EXTRACTED RECORDS →
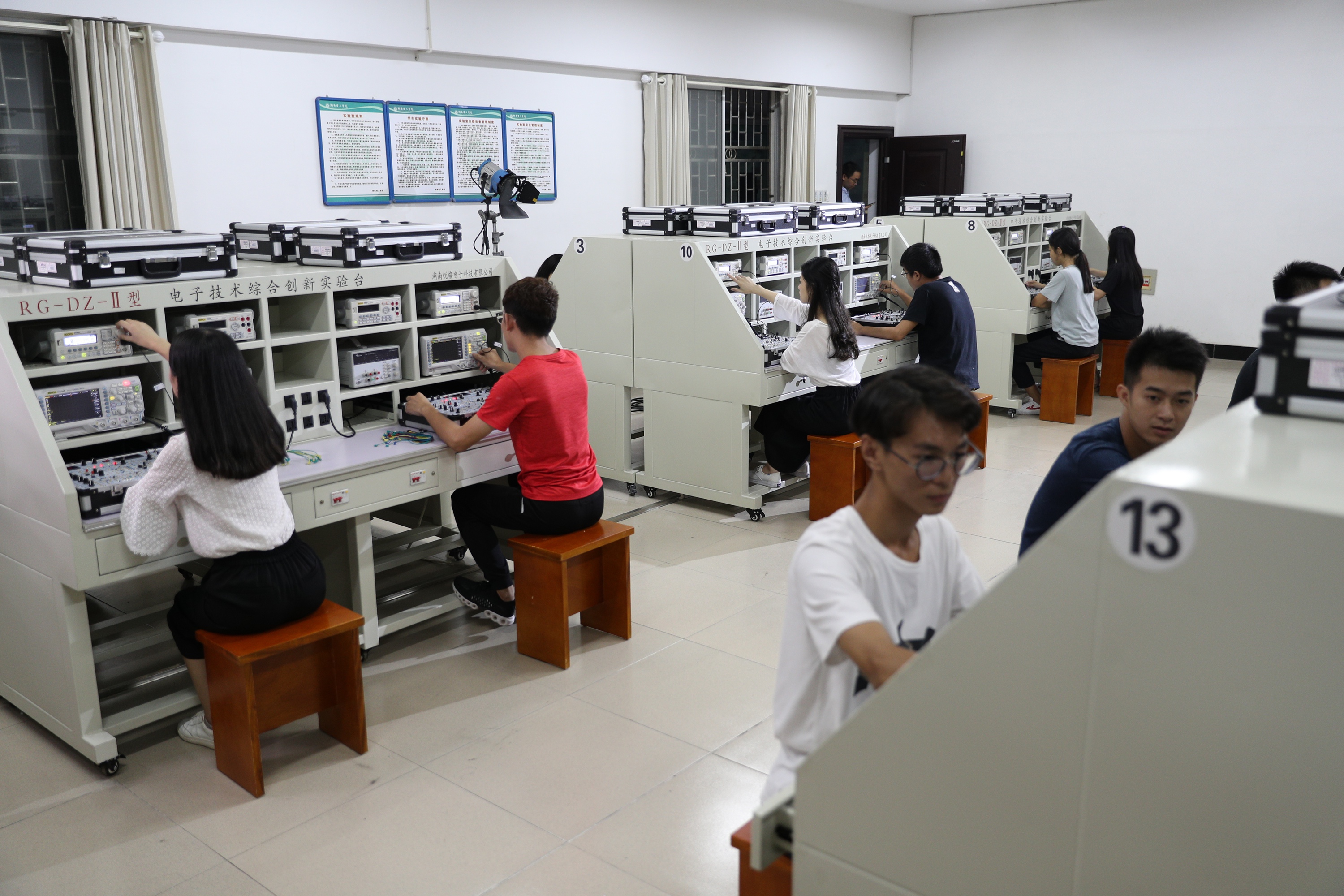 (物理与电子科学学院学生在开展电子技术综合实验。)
...
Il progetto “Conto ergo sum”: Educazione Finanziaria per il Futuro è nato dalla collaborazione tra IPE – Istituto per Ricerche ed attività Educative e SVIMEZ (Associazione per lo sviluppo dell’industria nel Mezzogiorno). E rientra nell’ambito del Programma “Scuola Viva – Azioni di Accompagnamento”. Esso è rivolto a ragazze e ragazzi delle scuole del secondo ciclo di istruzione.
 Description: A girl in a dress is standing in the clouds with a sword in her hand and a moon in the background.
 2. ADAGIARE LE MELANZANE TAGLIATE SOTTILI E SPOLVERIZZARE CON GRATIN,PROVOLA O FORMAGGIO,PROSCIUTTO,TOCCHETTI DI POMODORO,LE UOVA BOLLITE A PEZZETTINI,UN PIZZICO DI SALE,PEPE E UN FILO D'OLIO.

INSTRUCTIONS TO FOLLOW →
From the records above, quote only the lines running from the line with "Description: A girl" to the line with "2. ADAGIARE LE", both lines included.

FINISHED EXERCISE →
 Description: A girl in a dress is standing in the clouds with a sword in her hand and a moon in the background.
 2. ADAGIARE LE MELANZANE TAGLIATE SOTTILI E SPOLVERIZZARE CON GRATIN,PROVOLA O FORMAGGIO,PROSCIUTTO,TOCCHETTI DI POMODORO,LE UOVA BOLLITE A PEZZETTINI,UN PIZZICO DI SALE,PEPE E UN FILO D'OLIO.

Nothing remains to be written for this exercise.